Meeting FCC’s new location rules will require multiple technologies
The FCC issued a new order regarding wireless E-911 accuracy requirements for U.S. operators earlier this month, making location requirements more stringent, which means operators will have to incorporate a number of technologies to meet those requirements, said John Baker, vice president and general manager for the Network Solutions Group at Commscope, a supplier of location technologies.
The new order mandates that operators will have to meet stricter location requirements at some point after January 2019. Baker said that there has been much confusion as to what the new order mandates, and some have taken the order to mean that operators no longer are allowed to use network-based call-locating technologies after that time.
GSM operators like AT&T Mobility and T-Mobile USA incorporate network-based location technologies, while CDMA operators use assisted GPS (A-GPS) in the handset. GPS is considered the more accurate technology and the FCC in the past has made accuracy requirements less stringent for network-based location operators.

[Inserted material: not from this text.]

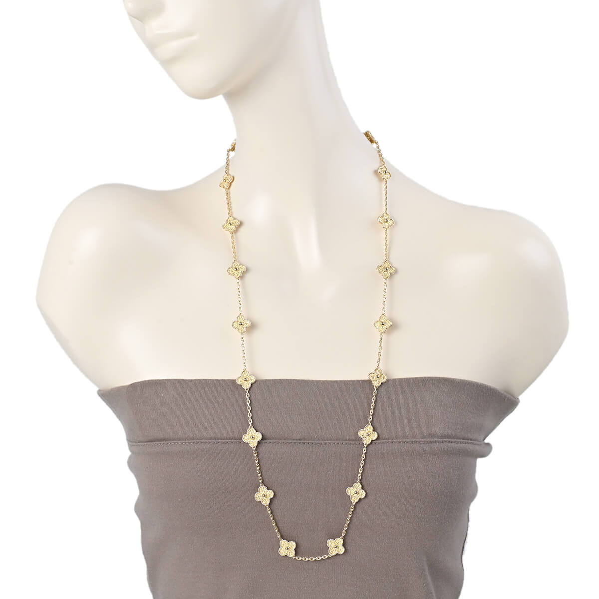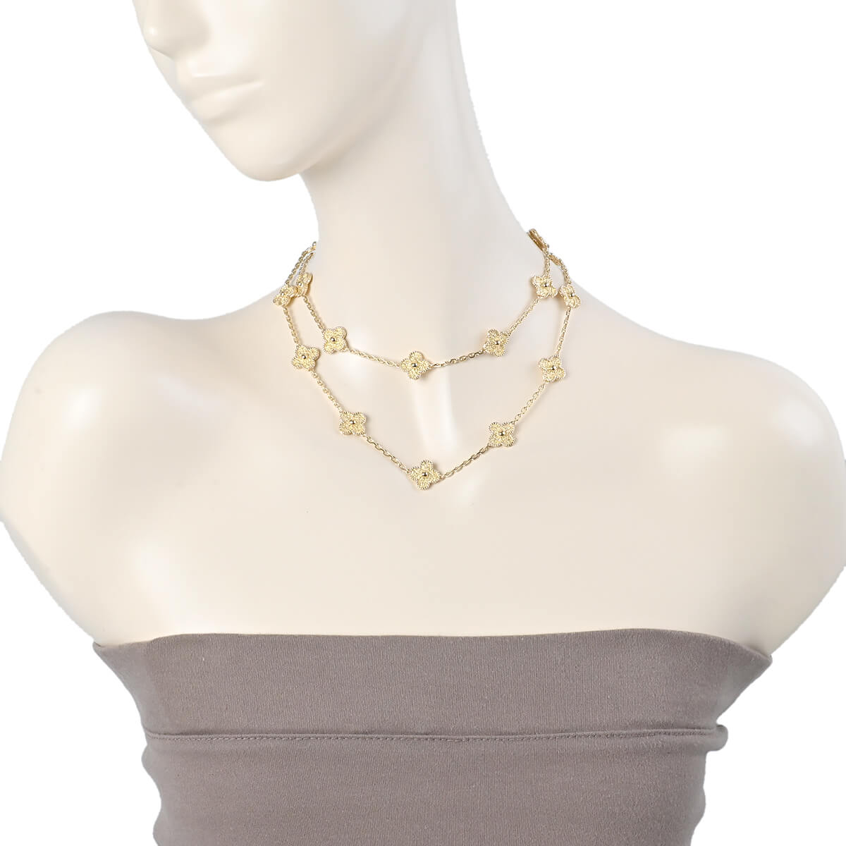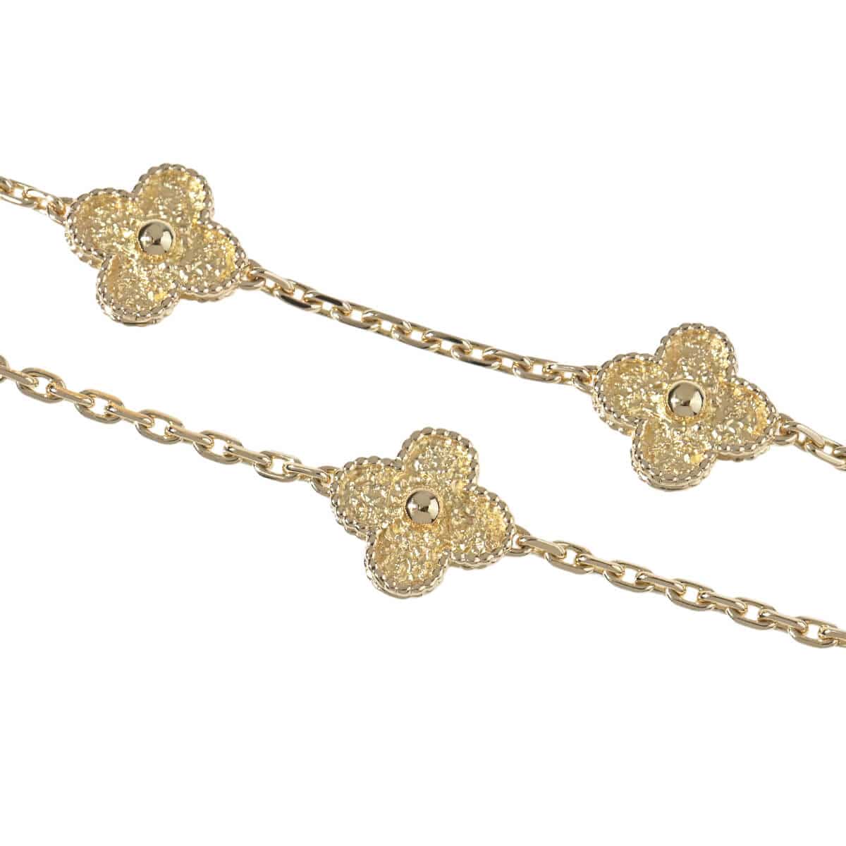 1968年に初めて誕生した幸運のシンボル「アルハンブラ」の特徴を受け継ぎ、『VanCleef&Arpels(ヴァンクリーフ&アーペル)』ならではの独創性と時を超えるエレガンスを湛える「ヴィンテージアルハンブラ」コレクション。ひとつひとつに職人の手作業で異なる仕上げが施され、可憐なゴールドビーズに縁取られた喜びに満ちた幸運のモチーフが20ピース連なる「ヴィンテージアルハンブラ」のイエローゴールド製ネックレスです。たくさんつけてもしつこくなく、むしろ“素敵”にまとまる、不思議な個性をもつアルハンブラはコレクションで揃えていって、バリエーションを魅せるのも。ひとめでそれとわかるラッキーチャームを、どのタイミングで、どのカラーで迎えるかを考えるのも楽しい、エレガントに映えるハッピーな魅力にあふれたコレクションジュエリーです。
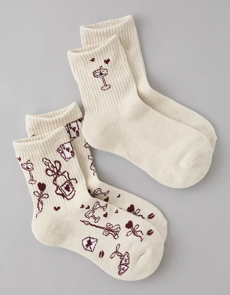 En cadeau à quelqu’un que tu aimes ou à toi-même, ces deux paires de chaussettes de la Saint-Valentin sont raccourcies à la longueur parfaite.

The new rules will require operators to identify a caller’s location for a specified percentage of 911 calls within a range of 50 to 150 meters. That is tighter than the up to 300 meters that has been allowed. The bottom line is that, as Baker suggested, operators will need to leverage multiple technologies to meet the mandate.
“No one technology can solve the problem,” Baker said. “It’s going to be a mixture of network-based solutions, A-GPS and other algorithms out there.”
In related news, Commscope this week announced an upgrade to its GeoLENs mobile location center that adds a dual-plane functionality, which helps determine the location of mobile devices in difficult-to-reach areas. The MLC is a gateway that supports both emergency and commercial location technologies. Baker said that the new release adds more unified intelligence to the multiple capabilities that can locate more wireless callers at one time.
A typical scenario demonstrating the benefit of combined dual-plane functionality would be when a secure user plane-enabled mobile device is attempting to determine the user’s location. If GPS signals cannot penetrate the building, then the typical secure user plane location solution, A-GPS, will not be able to find the user accurately. With the MLC update, the network can automatically start looking for the user with a control plane-locating technology. When an indoor location system is integrated with the GeoLENs MLC 10.2, the caller’s location can be determined with higher accuracy.
The FCC also is looking at ways to better determine an emergency caller’s whereabouts indoors, along with determining the requirements for VoIP calls coming from smartphones.
“During the next six to nine months, a lot will unfold in this story,” Baker said. “The FCC has to come down with a method of how to test all of this.”